Work order —
The lines to return run from the one containing "Scarpe col tacco rivestite in pelliccia." through the end of the material; give them exactly and leave out the pictures.

Information shown —
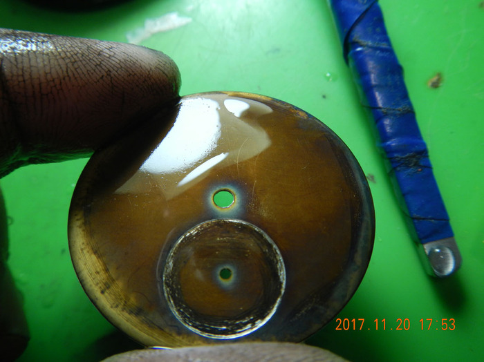 Начал шлифовать и обнаружил советское качество. Два слоя никеля и три слоя меди. Под слоем серебра. Это сделано для того, чтобы цинк, компонент латуни, не корродировал под серебром и чтобы пятна коррозии не смогли пробиться через 5 слоев других металлов и вылезали на поверхность серебрянного покрытия. ПЯТЬ СЛОЕВ!!!
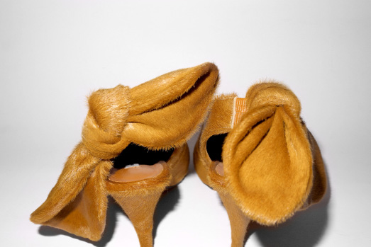 Scarpe col tacco rivestite in pelliccia.
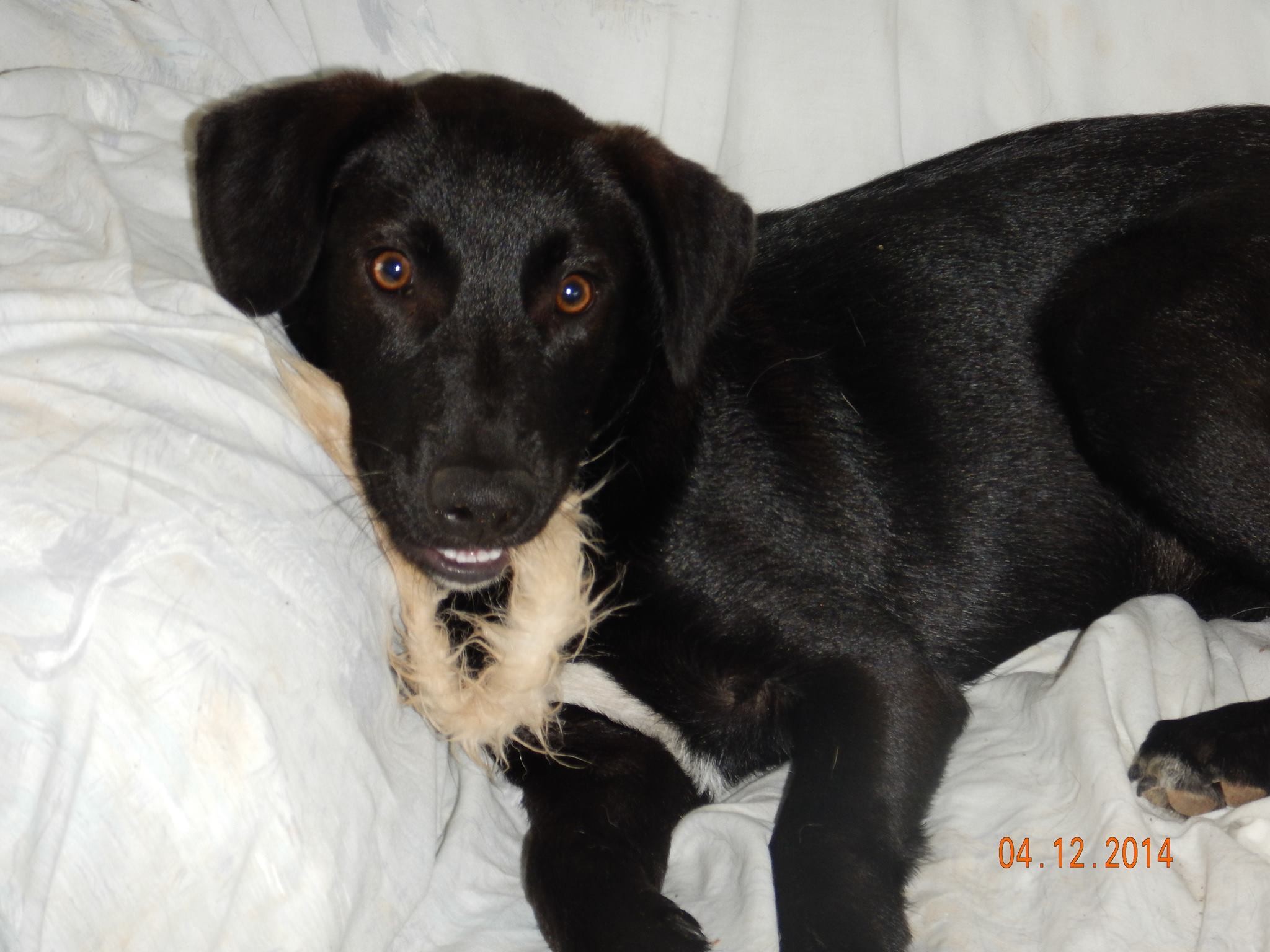 Onyx is a bright, happy puppy boy perfectly ready to romp through the holiday season with you and yours. He's a happy wag of fun and good things. He loves to play with dogs of all sizes, and is just a typical bundle of young fun. With the right education such as needed by all young ones, he'll be an eager little student and blossom easily to a life-long family member.

Output below —
 Scarpe col tacco rivestite in pelliccia.
 Onyx is a bright, happy puppy boy perfectly ready to romp through the holiday season with you and yours. He's a happy wag of fun and good things. He loves to play with dogs of all sizes, and is just a typical bundle of young fun. With the right education such as needed by all young ones, he'll be an eager little student and blossom easily to a life-long family member.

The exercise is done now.